One criticism of FxCop is its unwieldy XML files. Depending on the size of your code base and your configuration it is easy to end up with XML files running into the tens of megabytes. Perl::Critic, like most UNIX tools, disdains the use of XML (usually a plus) and instead outputs violations one to a line. Both tools let you configure which rules/policies to include with each run. FxCop throws these into the same massive .fxcop XML file while Perl::Critic looks for an INI-style file called .perlcriticrc in your home directory. Speaking of that massive XML file, FxCop also has a nasty habit of rewriting its XML results and configuration across runs, leading to some nasty conflicts if you have multiple developers committing changes simultaneously.
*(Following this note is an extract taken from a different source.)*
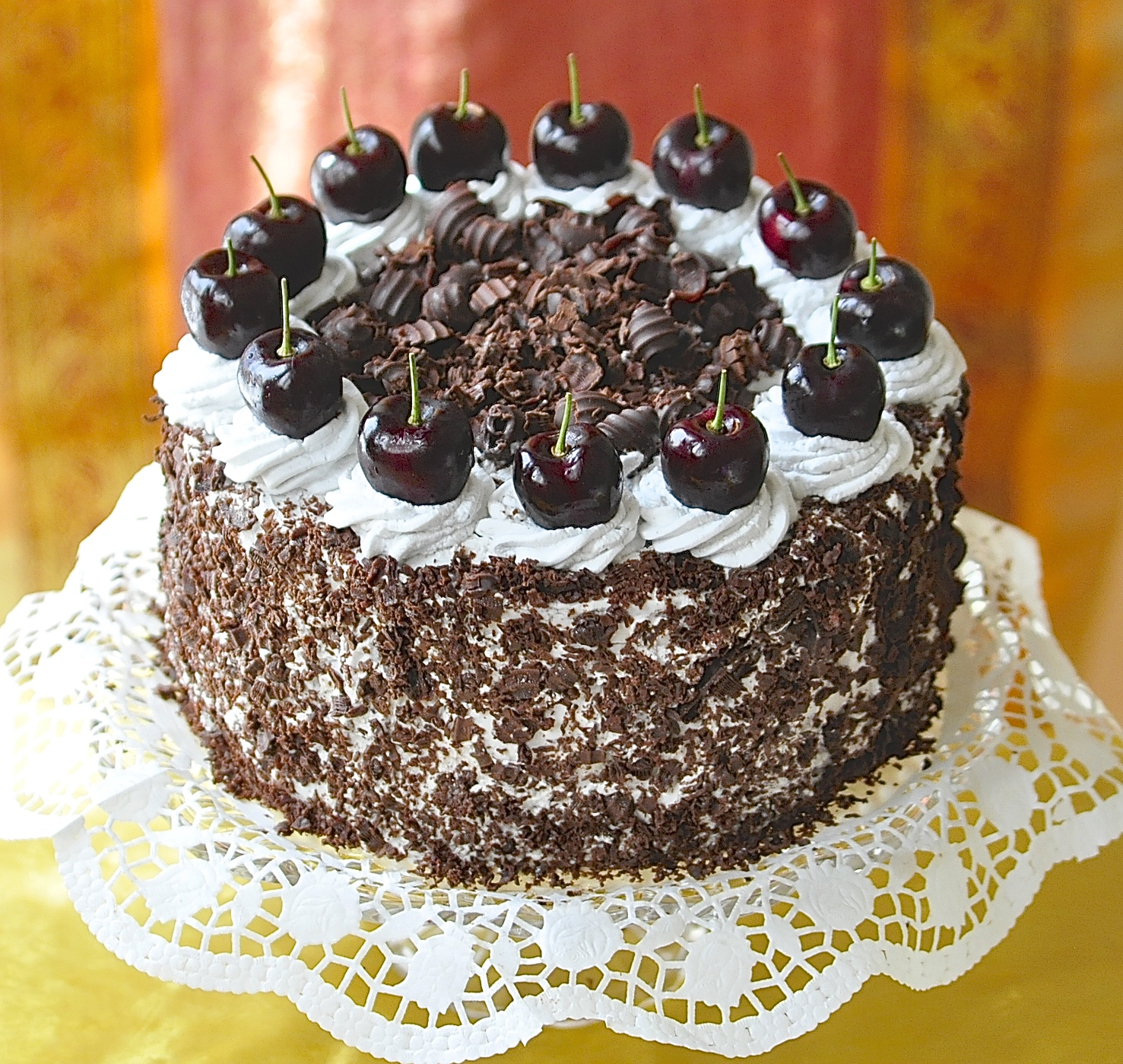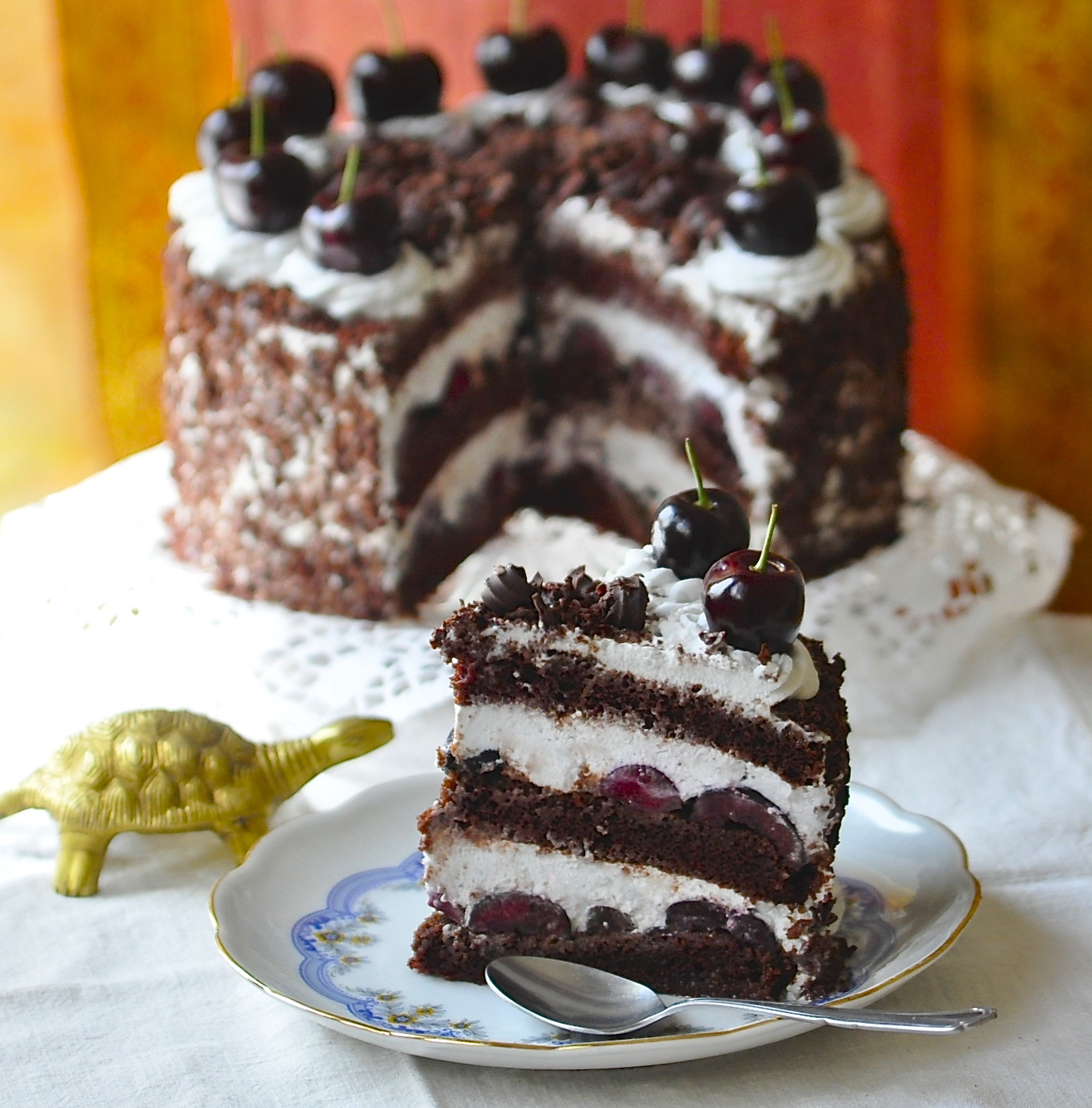 Appoggiate uno dei dischi di pan di spagna sul piatto di portata, spennellate uniformemente con la bagna, distribuite le ciliegie denocciolate oppure quelle sciroppate. Ricoprite con un generoso strato di panna. Appoggiate il secondo disco e ripetete l’operazione. Terminate col terzo disco che spennellerete con la bagna.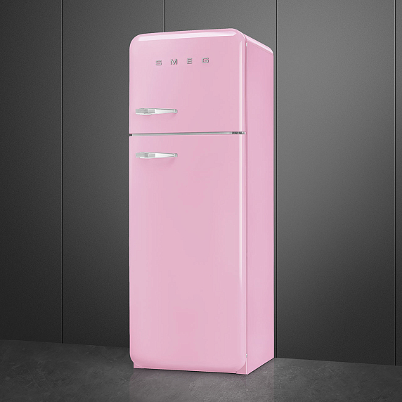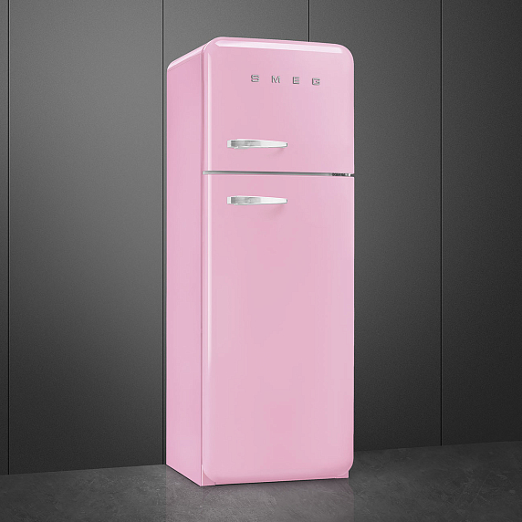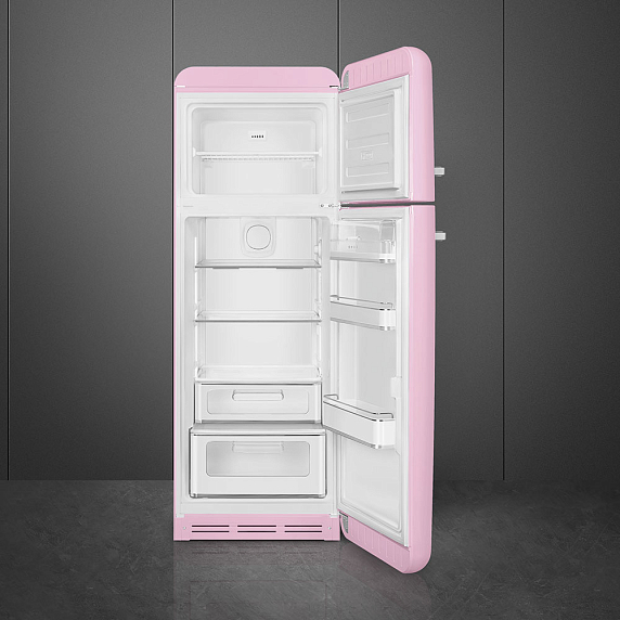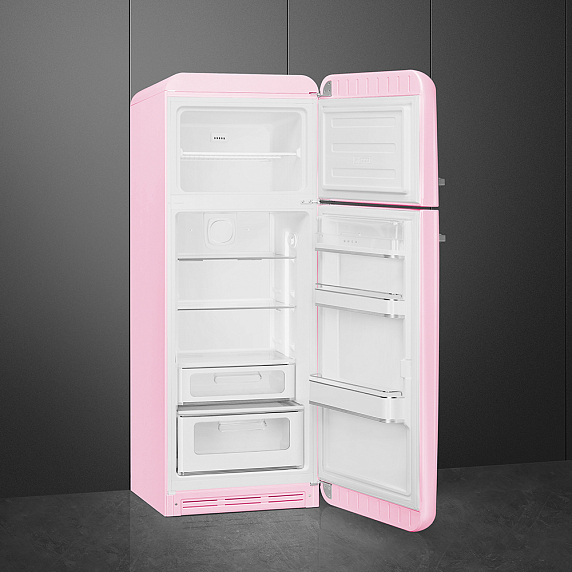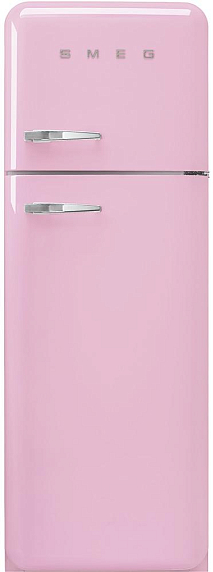 Холодильник SMEG FAB30RPK3 — модель из коллекции «Стиль 50-х годов» розового цвета с серебристой фурнитурой и большой ручкой. Дверца открывается направо. Прибор очень удобен благодаря автоматическому размораживанию холодильной камеры и светодиодному освещению. В ящике зоны свежести температура снижена, поэтому продукты сохраняются дольше.

Why would you commit changes though? This is an area where FxCop comes out ahead. Both tools let you exclude violations. Perl::Critic does it through the use of “no critic” annotations. FxCop gives you more flexibility. It allows you to use attributes to suppress specfic violations in any scope you can apply an attribute too. In additon, you can add exceptions directly to your XML through the GUI tool to avoid cluttering your code. You probably don’t want to try editing the XML config yourself. It’s a beast.

FxCop also has some advantages because it works on bytecode. Since all .NET languages compile to the same bytecode you can use FxCop on any .NET language. In Perl this would be similar to using Perl::Critic on Parrot bytecode to analyze any language that runs on Parrot. However, in practice this doesn’t matter too much. Most .NET code bases are homogenous. It’s still pretty awesome though.
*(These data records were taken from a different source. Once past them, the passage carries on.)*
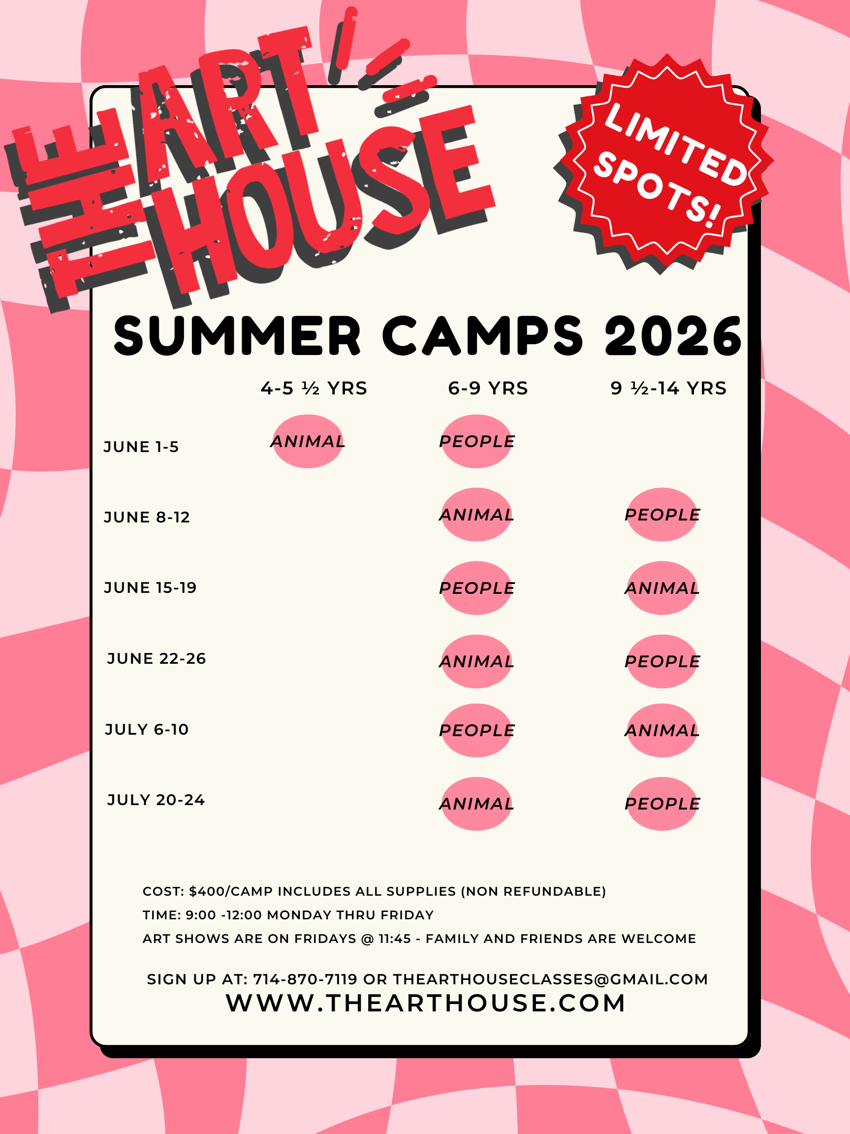 SUMMER CAMPS AVAILABLE NOW! 🖌️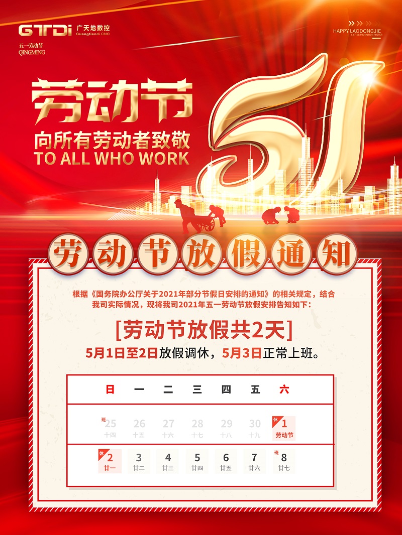 PA娱乐数控2021年五一劳动节放假通知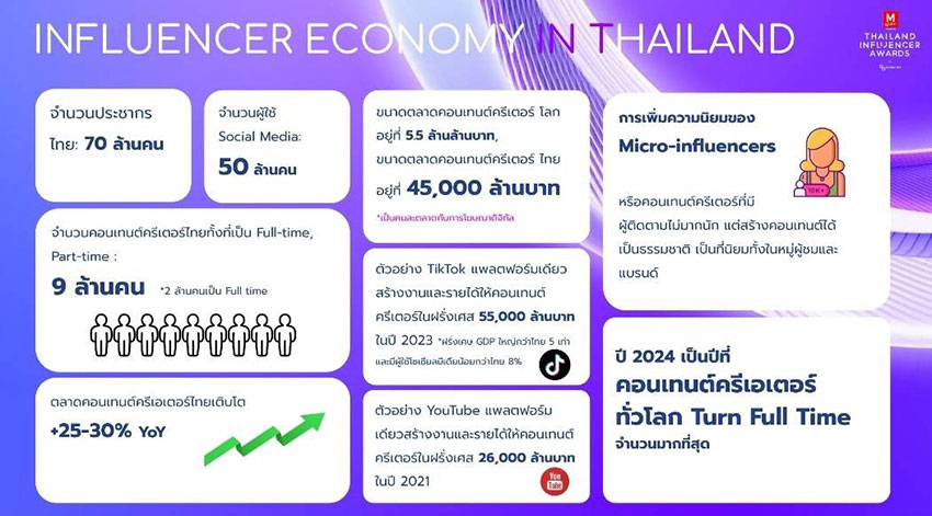 นางสาวสุวิตา จรัญวงศ์ ประธานกรรมการบริหาร และผู้ร่วมก่อตั้ง บริษัท เทลสกอร์ จำกัด เปิดเผยว่า จากสถิติของ Linktree พบว่าปัจจุบันมีคอนเทนต์ ครีเอเตอร์ประมาณ 200 ล้านคนทั่วโลก หรือประมาณ 3% จากประชากรโลก สำหรับในประเทศไทยคาดว่ามีคอนเทนต์ ครีเอเตอร์มากถึง 9 ล้านคน ครอบคลุมตั้งแต่ในระดับ Nano - Macro - Mega Creator ทั้งที่เป็น Full-time และ Part time ซึ่งสอดคล้องกับพฤติกรรมการใช้โซเชียลมีเดียและการใช้เวลาท่องโลกออนไลน์ของคนไทยที่มีอัตราสูงในอันดับต้นๆ ของโลก โดยจากข้อมูลจากสำนักงานคณะกรรมการดิจิทัลเพื่อเศรษฐกิจและสังคมแห่งชาติ (สดช.) พบว่าประชากรไทยมีการอัตราการเข้าถึงอินเตอร์เน็ตอยู่ที่ประมาณ 89.5% และมีช่องทางโซเชียลมีเดียมากถึง 50 ล้านคน คิดเป็น 71.5% ของประชากรทั้งหมด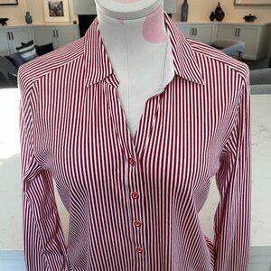 Desoto Eve Collared V Neck Striped Button Down Cotton Blouse Red Wht Sz 36 NWOT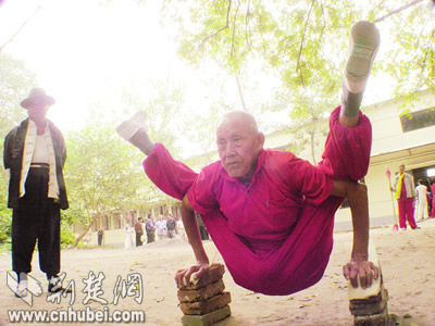 昨日,由武漢市體育局主辦的首屆體育廟會在武漢市青少年宮開幕。各種中國傳統(tǒng)體育項(xiàng)目紛紛登場初賽、表演。尤其是一些絕技絕活,如心房頂戟、后腦斷磚、朝天蹬、九節(jié)神鞭等,驚險刺激,令觀者嘖嘖稱奇。記者劉大家、胡彩麗攝影報道

Any advantages that FxCop has though are blown away by the fact that Perl::Critic is open source and FxCop isn’t. FxCop doesn’t even have a published API. This means you cannot write your own custom rules. Seriously. Someone explain to me why this is a good idea. There is someone trying to document the API, but it’s a poor substitute for the real thing. Perl::Critic on the other hand is open source with each policy neatly organized into its own module. Install it from CPAN and you’ll get a bunch of policies, all of which you can view the code for to learn how to write your own. And there a lot more rules just waiting for you to try out.
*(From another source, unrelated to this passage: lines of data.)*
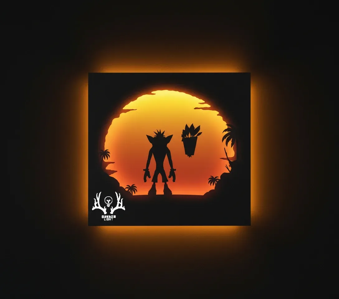 این تابلو بکلایت نمای خیرهکنندهای از سیلوئت **Crash Bandicoot** و **Aku Aku** را در مقابل غروب نارنجی–طلایی ساحل نشان میدهد. ترکیب رنگ گرم غروب با سایههای تیره حاشیهای، حس پایان ماجراجویی روز و آرامش طبیعت گرمسیری را القا میکند.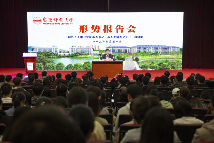 4 月30 日上午,在“五四”青年节来临之际,安庆市委书记魏晓明来校调研,并为400余名师生作形势报告。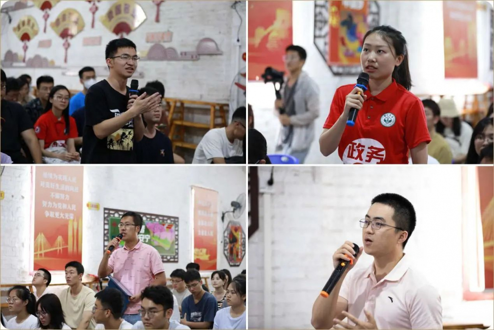 在对话环节,连州市委常委、组织部部长李心怡向广大青年人才推介了连州市的人才政策和人才服务,并介绍连州市委、市政府在人才引育留用方面为推进“雁归计划”、“一人一策”等人才优惠政策出台的具体措施。黄旭俊书记结合在丰阳镇驻镇帮镇扶村的相关工作情况以及对基层人才工作的理解,呼吁和号召广大青年加入广东省“百千万工程”下乡返乡兴乡,为新时代乡村振兴贡献青春力量。丰阳镇党委副书记梁国栋介绍了丰阳镇近年来 “五大振兴”工作成效和丰阳镇人才工作的相关情况。政务学院院友、丰阳优品电商中心总经理张帮岐动情地分享自己在连州创业的经历和故事,并寄语在场青年学子投入乡村的广阔天地,为乡村振兴事业添砖加瓦。

In the interest of fairness, StyleCop is open source, but I don’t have a lot of experience with it. We briefly looked at using the built-in rules, but decided we didn’t really care for a lot of them. A number of these rules would fall into the type of style rules that Perl::Critic has though.

If Perl::Critic had the exclusion capabalities that FxCop has this wouldn’t even be close, but even with those limitations I still prefer it. Point Perl.

From C# To Perl: Introduction

After over three years as a C# developer I have made the jump to Perl. Judging from the dearth of information I have found comparing the two (all I could find is this awful auto-generated comparison), I don’t think this is a jump many programmers have made, so I wanted to make some comparisons myself. In future posts I will be touching on differences (there aren’t many similarities) between the two languages and the advantages and disadvantages of each. In addition I will compare the surrounding issues of culture, tooling, performance, debugging, etc. The focus will be on the C# developer coming to Perl.

Since my Perl-fu is still weak, feel free to point out any inaccuracies you see. To be fair to Perl, when comparing many language features I will be comparing C# against both bare Perl and Perl with CPAN. The malleability of Perl compared to C# makes this necessary. In addition there are some features of each language that have no direct comparison to the other, such as tied variables in Perl (I just sat here for ten minutes trying to think of some feature of C# that isn’t available in some form on CPAN. I couldn’t think of any. Point Perl.).